Announcing the Hudi Sink Connector for Apache Pulsar

Yong Zhang
Software Engineer, StreamNative

We’re excited to announce the general availability of the Hudi Sink connector for Apache Pulsar. The connector enables seamless integration between Apache Hudi and Apache Pulsar, improving the diversity of the Apache Pulsar ecosystem. The Hudi + Pulsar connector offers a convenient, efficient, and flexible approach to moving data from Pulsar to Hudi without requiring user code.

For more information on why lakehouse technologies are growing in popularity, check out this blog.

See the Hudi Sink connector in action during the Pulsar Summit SF 2022 talk Unlocking the Power of Lakehouse Architectures with Pulsar and Hudi from Addison Higham (Chief Architect, StreamNative) and Alexey Kudinkin (Founding Engineer, Onehouse).
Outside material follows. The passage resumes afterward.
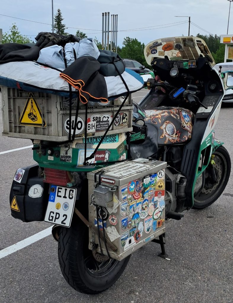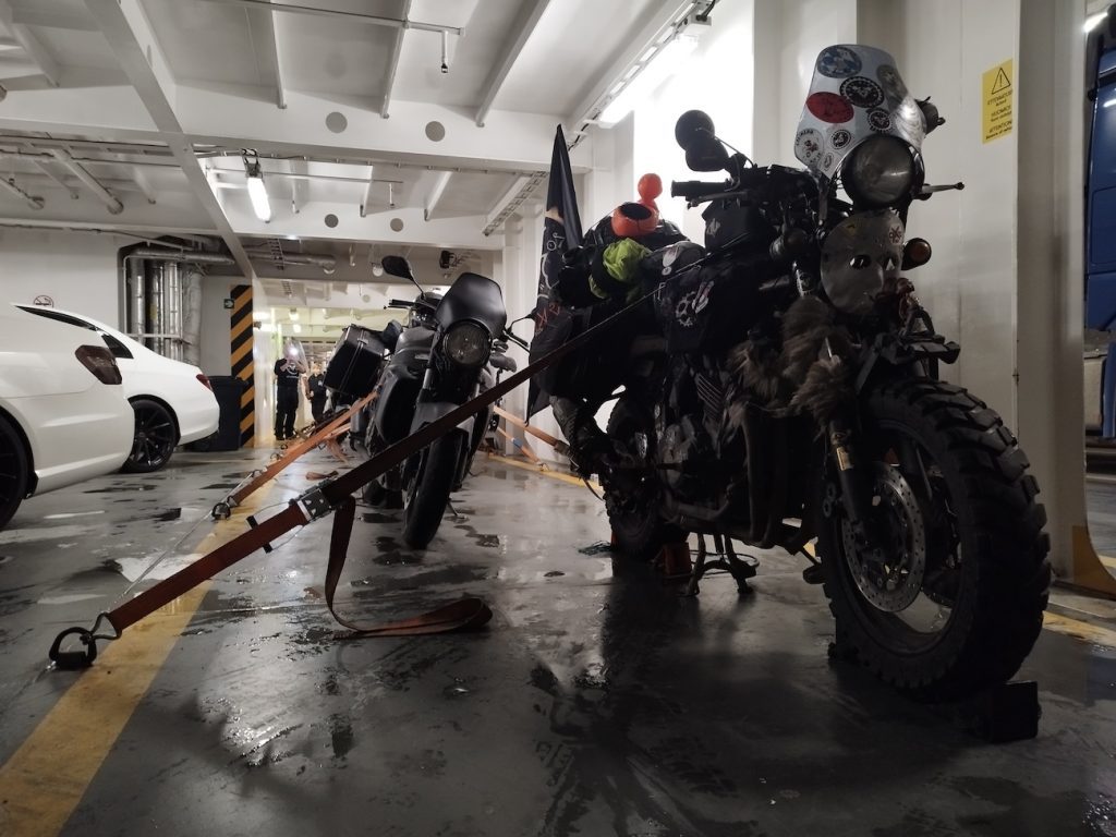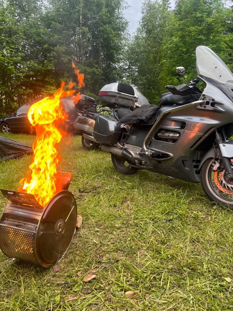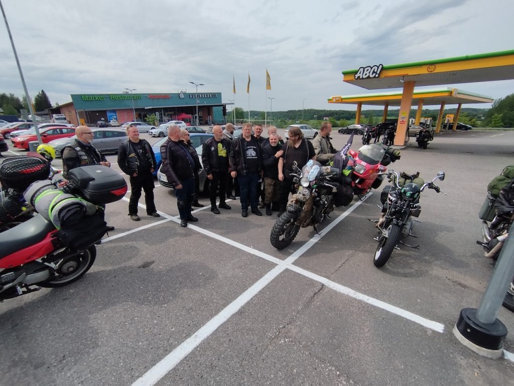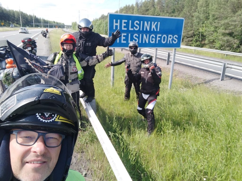 Droga przez Litwę, Łotwę i Estonię trasą via Balticą przebiegła bez większych emocji, można powiedzieć nudnawo – 700 km w 15 motocykli beż żadnych strat po drodze i narzekań. Małoletni Paweł zaimponował wszystkim swoja wytrzymałością, tak samo jak jedyna w ekipie kobieta – Meli, która przyjechała z Niemiec na własnym Fazerku. Następnego dnia miała miejsce przeprawa do Helsinek, a kilkanaście kilometrów od mety zaczęła się odyseja Tofika, któremu VFR-ka zgubiła ładowanie. Ku zdziwieniu wszystkich, wiozłem ze sobą zapasową baterię, więc udało mu się dojechać razem do „clubhousu” BONEHEADS MC, gdzie mieliśmy zaplanowany pierwszy nocleg. Przyjęci zostaliśmy bardzo serdecznie przez gospodarzy, rozmowom nie było końca do późnej nocy. No i jak to zazwyczaj w Finlandii, sauna była obowiązkowa dla wszystkich. Wielkie dzięki za ten czas!

What is the Hudi Sink connector?

The Hudi Sink connector is a Pulsar IO connector that pulls data from Apache Pulsar topics and persists data to Hudi tables.
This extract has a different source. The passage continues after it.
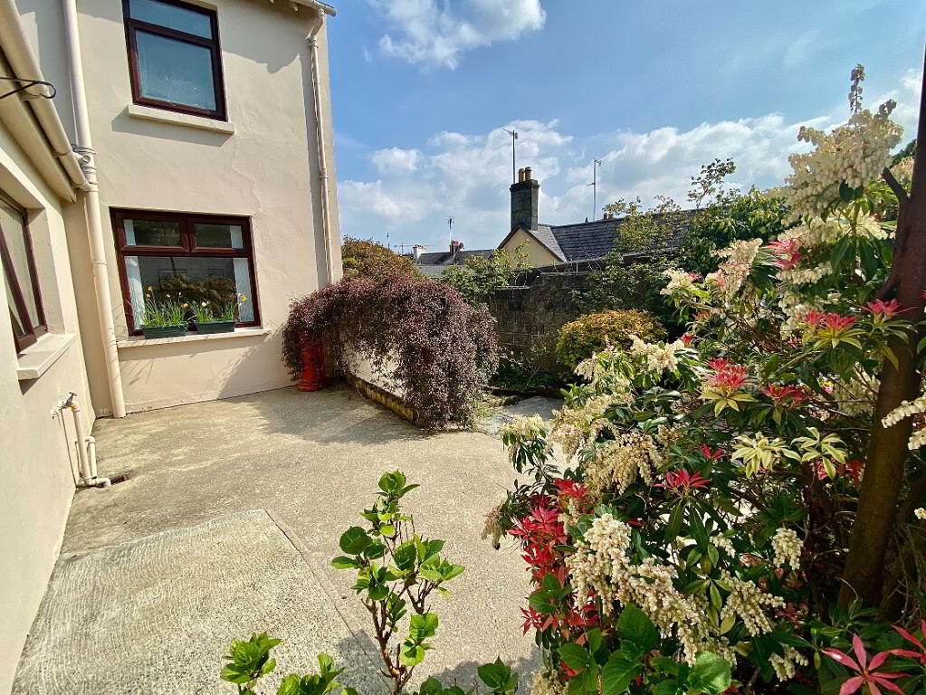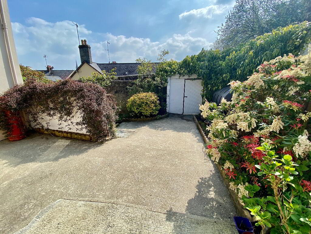 Garden area to front enclosed by wall and hedge enhanced with plants and shrubs

Diagram of how Pulsar connects to Hudi
Figure 1. Hudi sink

Why develop the Hudi Sink connector?

In the last 5 years, the rise of streaming data and the need for lower data latency have pushed data lakes to their limits. As a result, lakehouse technologies such as Apache Hudi have seen rapid adoption. Apache Pulsar, a distributed, open-source pub-sub messaging and streaming platform for real-time workloads, is a natural fit for lakehouse architectures. Integrating Apache Pulsar with Lakehouse streamlines data lifecycle management and data analysis.

StreamNative built the Hudi Sink Connector to provide Hudi users with a way to connect the flow of messages from Pulsar and use more powerful features, while avoiding problems with connectivity that can appear when there are intrinsic differences1 between systems or privacy requirements. 
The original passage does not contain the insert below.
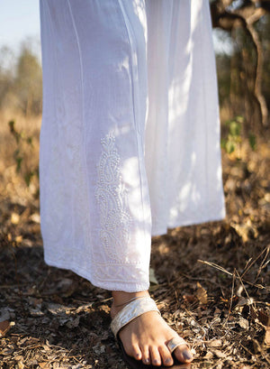 Tranquil -Ta'abeer White Rayon Chikankari Sharara (Plazzo)

The connector solves this problem by fully integrating with Pulsar (including its serverless functions, per-message processing, and event-stream processing). The connector presents a low-code solution with out-of-the-box capabilities such as multi-tenant connectivity, geo-replication, protocols for direct connection to end-user mobile clients or IoT clients, and more.

What are the benefits of using the Hudi Sink connector?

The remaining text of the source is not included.